ClearCase, which runs on numerous platforms, including HP-UX and Windows NT, helps manage multiple versions of evolving software and tracks the versions that are used in the many releases or checkpoints a project may have. It displays the history of development in a "version tree," which shows specific branching and merging activities.

"ClearCase allows unlimited branching," said Claudia Dent, director of marketing for Rational's ClearCase. "A number of different developers can access the same file or work on a version of the same file at the same time. ClearCase provides sophisticated tools to later reconcile these changes with the repository."

Originally produced in 1992 for Unix by Atria Software, Lexington, Mass., ClearCase became available for Windows NT in 1994. The product's underlying database structure is the Raima database referred to as version object base (VOB) from Raima Corp., Seattle. According to Dent, the product fits in nicely with the entire Rational solution, which spans the software development life cycle. "If you want to automate the software development area, you need requirement management, visual modeling, automated testing, configuration management and process automation tools," she said.

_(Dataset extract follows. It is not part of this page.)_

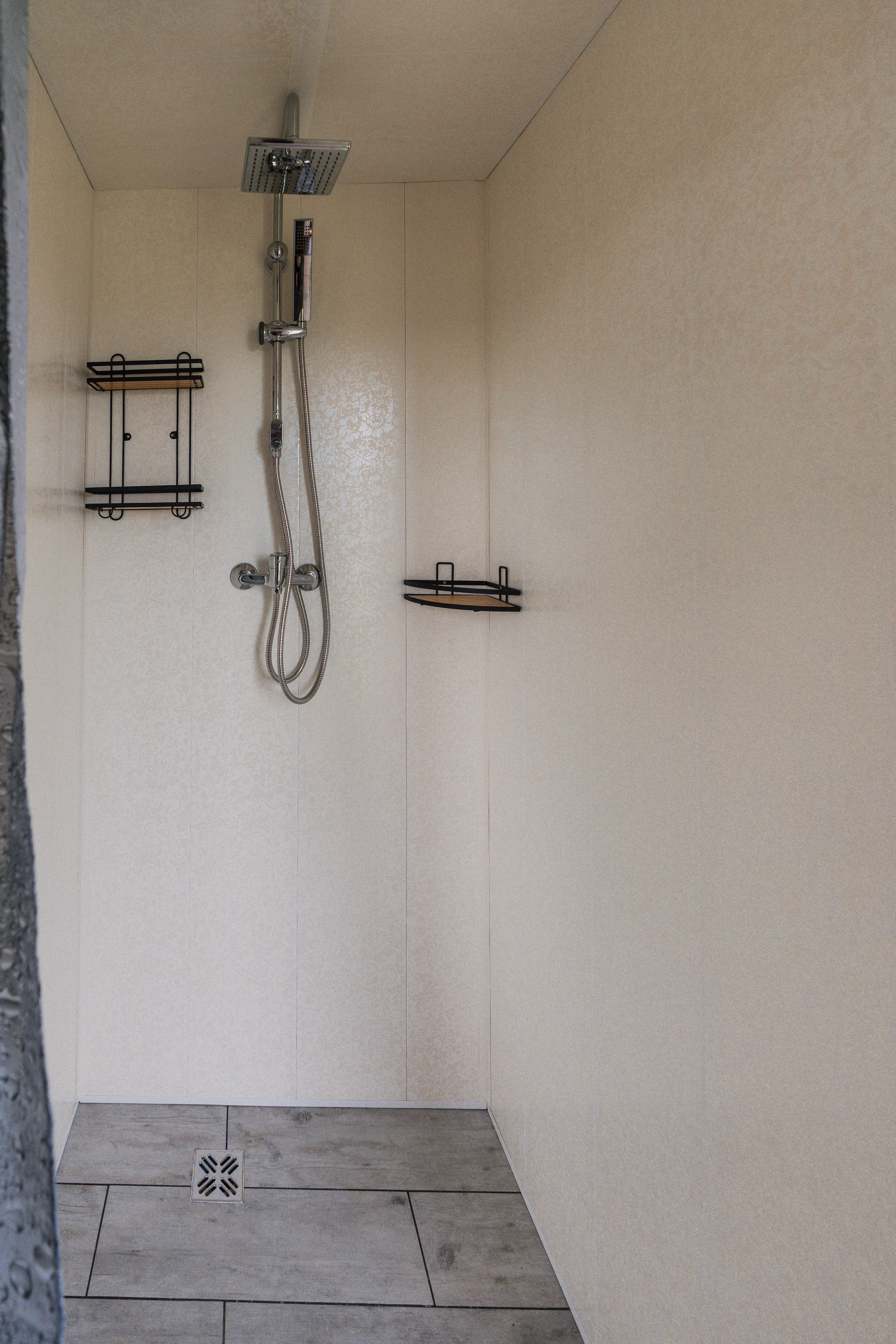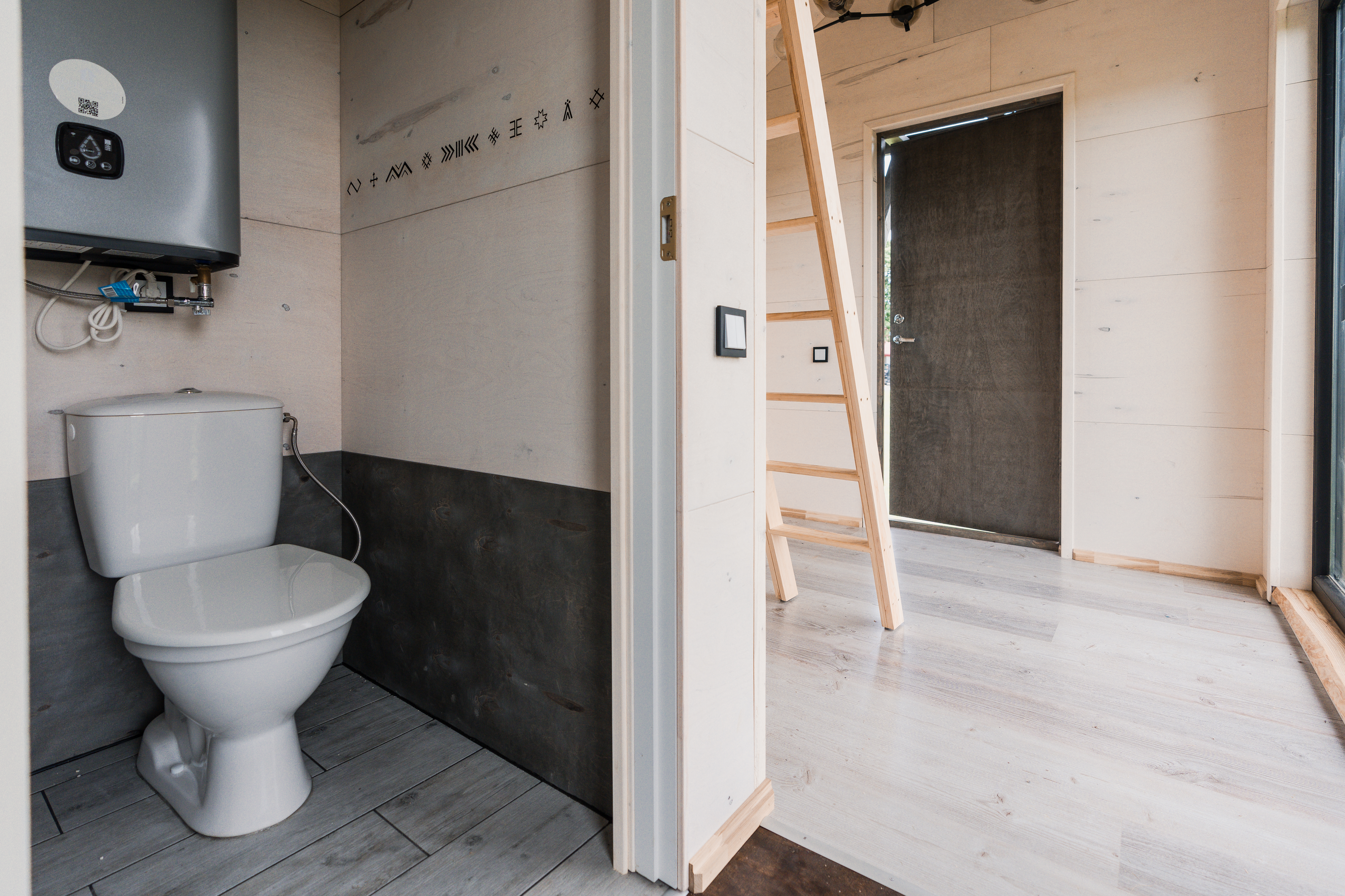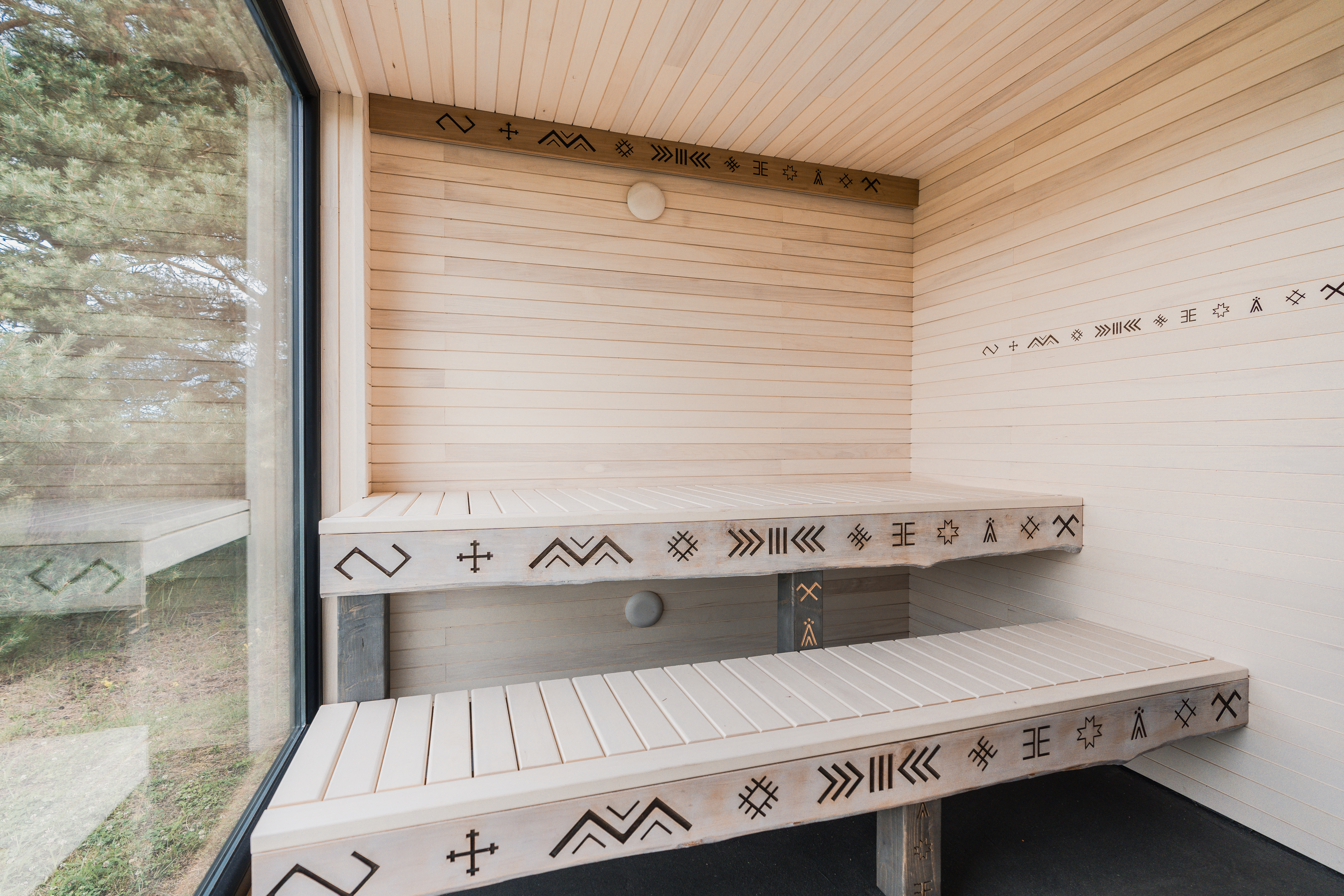 Neliela, askētiska pirts, kas izgatavota no 50x100mm bieza kokmateriāla un 100mm minerālvates. Augstas kvalitates grafīta apdare, smalki zāģēti apdares dēļi ārējā apdarē. Follija siltuma atstarojoša izolācija pirts telpā. Dubultā hidroizolācija pirts grīdā, kritums uz trapu. Lapu koka apdare pirts telpā – tonēta balta. Flīžu un lamināta grīdas segums. Bērza saplākšņa apdare atpūtas telpā, tonēta balta. Lieli logi ar spoguļtonējumu. Koka lubiņu jumta segums. Atsevišķa dušas un tualetes telpas. Latvijā ražota kvalitatīva malkas krāsns. Papildus izbūvēta lofta 5m2.

The HP Office Products Division has well over 10,000 files in the repository. "We have a large-scale demand in terms of source code management," said Cavanaugh. "Moreover, it's important to manage a multisite relationship. ClearCase is a very nice product, but it's also a fairly substantial product. You need someone who is experienced to administer it. We have one person here dedicated to it."

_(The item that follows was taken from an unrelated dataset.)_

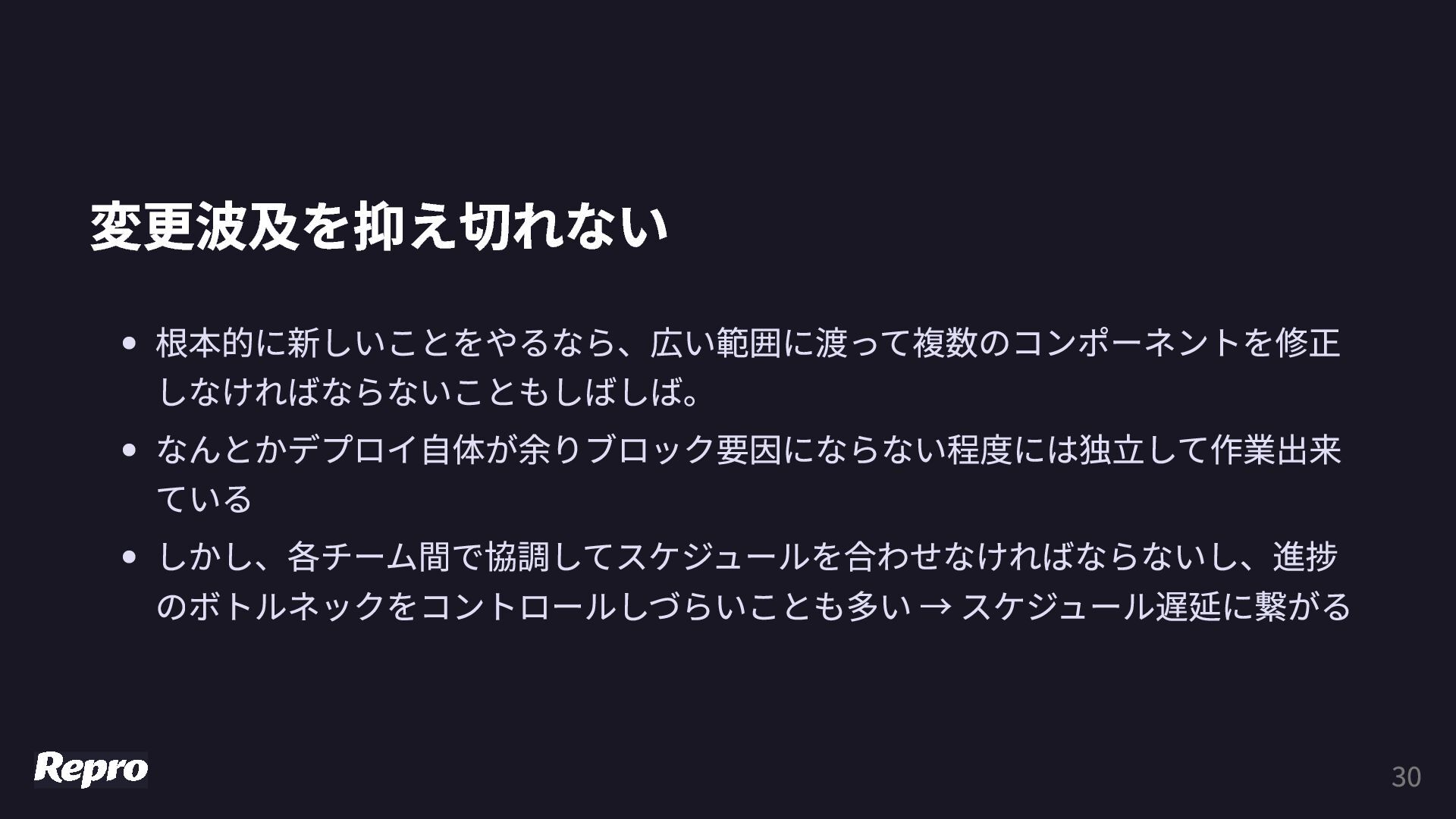 変更波及を抑え切れない 根本的に新しいことをやるなら、広い範囲に渡って複数のコンポーネントを修正 しなければならないこともしばしば。 なんとかデプロイ自体が余りブロック要因にならない程度には独立して作業出来 ている しかし、各チーム間で協調してスケジュールを合わせなければならないし、進捗 のボトルネックをコントロールしづらいことも多い → スケジュール遅延に繋がる 30

"With our relationship with [the HP division in] San Diego, we replicate a VOB to San Diego," said Dave Bellagio, software design engineer, HP Engineering Productivity Services, Vancouver, Wash. "What that means is that we can both change the same element. They can grow one branch and we can grow another branch, and then we can kind of merge things back and forth."

According to Cavanaugh and Bellagio, one of the biggest challenges in using the ClearCase MultiSite system to dynamically replicate VOBs was in establishing a well-architected infrastructure. "As a dynamic file system, ClearCase MultiSite requires a fair amount of network overhead," said Cavanaugh. "If you don't have a very solid networking infrastructure, things can be rather problematic. The response time will be poor, and you don't want to have well-paid developers sitting around twirling their thumbs."

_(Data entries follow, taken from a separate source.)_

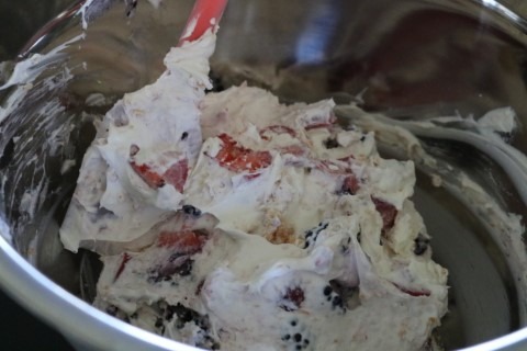 4. Fold in the Berries very gently, then fold in the Toasted Coconut.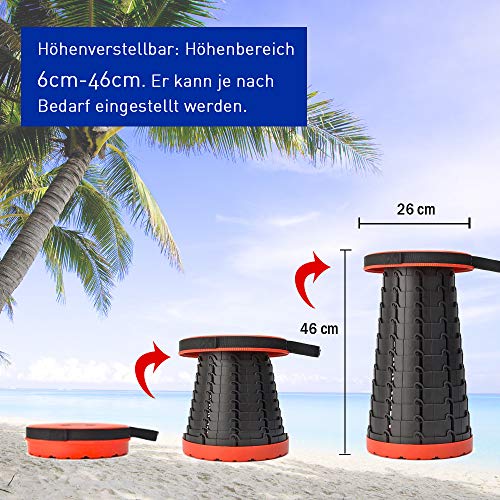 Homease - Sgabello pieghevole portatile pieghevole da campeggio, portata 210 kg, sgabello telescopico regolabile in altezza per campeggio, viaggi, picnic, giardino, barbecue, escursioni, rosso e nero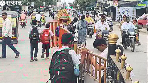 पिंपळगाव बसवंत : शाळा भरण्याची अन सुटण्याची वेळ म्हणजे रस्त्यावर वाहतूक कोंडीचा फास घट्ट झालेला दिसतो. मात्र, ही कोंडी अनेकांच्या अंगवळणी पडल्याने कोणी त्यावर ‘ब्र’ शब्द काढण्यास तयार होत नाही. पिंपळगाव बसवंत शहरातील शाळांसमोर वाहतूक कोंडी नित्याचीच बाब बनली आहे. विद्यार्थ्यांना जीव मुठीत धरून रस्ता ओलांडावा लागत आहे. कोंडीतून वाट काढताना सायकलवरून किंवा पायी जाणाऱ्या विद्यार्थ्यांसाठी ते दिव्य ठरावे, अशी स्थिती असते. एखादा अनर्थ घडण्यापूर्वी स्थानिक प्रशासन, पोलिस यंत्रणा, शाळा व्यवस्थापन समित्यांनी पुढाकार घेऊन उपाययोजना करण्याची गरज आहे. (Situation of traffic congestion around schools in Pimpalgaon )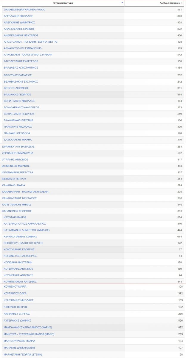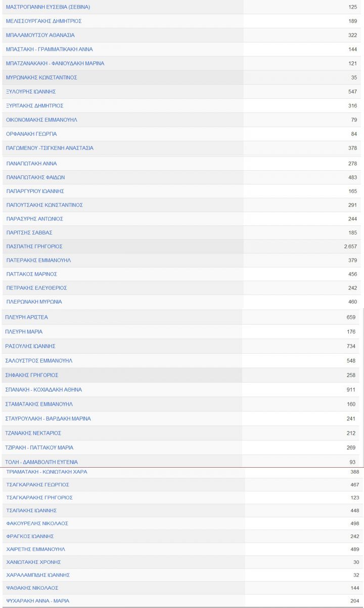 Σε 184 απο τα 264 εκλογικά τμήματα, οι σταυροί των υποψηφίων του Βασίλη Λαμπρινού διαμμορφώνονται ως εξής:
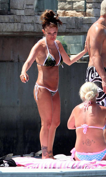 Jenna Jameson, que durante 15 años fue la reina del porno, con más de una centena de películas triple X en su haber, está completamente retirada de la industria.Madre hace poco de gemelos, se dedica a la familia, tal como demuestran estas fotografías publicadas por el portal WWTDD, en las que se la ve más que solícita, untando con bronceador a su pareja, el luchador Tito Ortiz.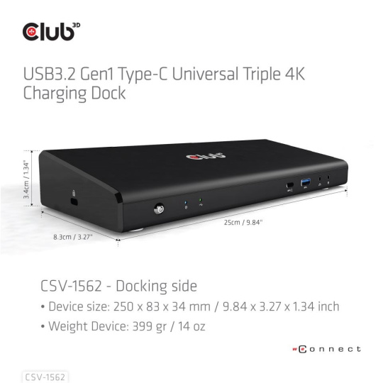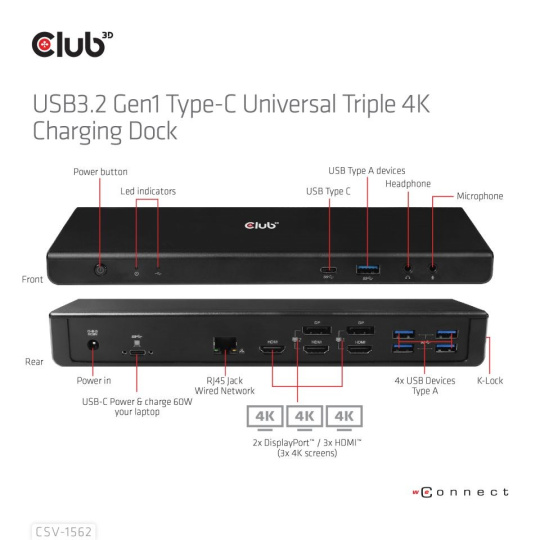 - Zámok Kensington?- Tlačidlo zapnutia/vypnutia na prednej strane Obsah balenia Club 3D CSV-1562 USB C 3.2 Univerzálny trojitý nabíjací dok 4K Gen1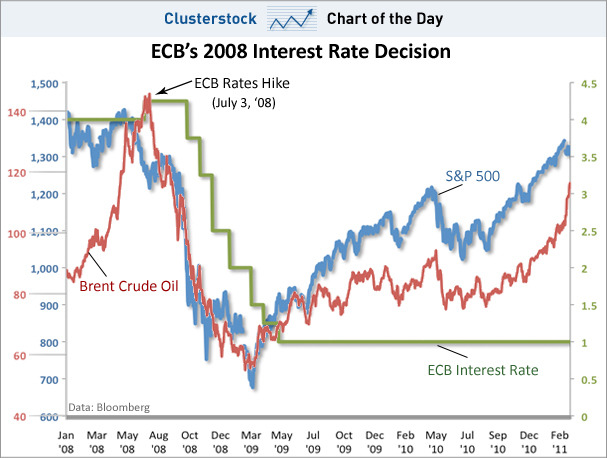 En onder het kopje suggestieve grafieken, hier is wat er de vorige keer gebeurde toen de ECB de rente verhoogde

The recently released ClearCase 3.2 includes a snapshot view feature, which eliminates the heavy emphasis on network infrastructure and allows developers to download the file -- a snapshot of their work -- to their PCs. The HP Office Products Division was rolling out ClearCase 3.2 to its developers when ADT spoke with Cavanaugh.

"Snapshot Views is certainly going to be the most-liked new feature," he said. "A lot of people here will be using it. With Snapshot Views, developers can work at home using an ISDN line. They could not do this with ClearCase MVFS [multiversion file system]."

Compared to HP's Vancouver site, Cavanaugh's group is rather small -- approximately 40 developers who use ClearCase on NT. The Vancouver site constitutes a large percentage of HP printer software development, with about 60 developers on the Unix side and 130 on the software side who use NT.

Bellagio, whose group creates ClearCase policy, developed what he calls ClearTask, which runs on top of ClearCase. "Developers here think in terms of tasks," said Bellagio, adding that he created ClearTask before ClearGuide, Rational's policy and process management tool, became available.

According to Bellagio, ClearCase works well, creating a seamless environment for replicating databases.

Added Cavanaugh, "If someone has a shop with five developers and a couple of hundred files, ClearCase may be overkill. But if you are working with 20 to 40 people on multiple projects and at the same time you share code between these projects, I don't know how you can do it without ClearCase."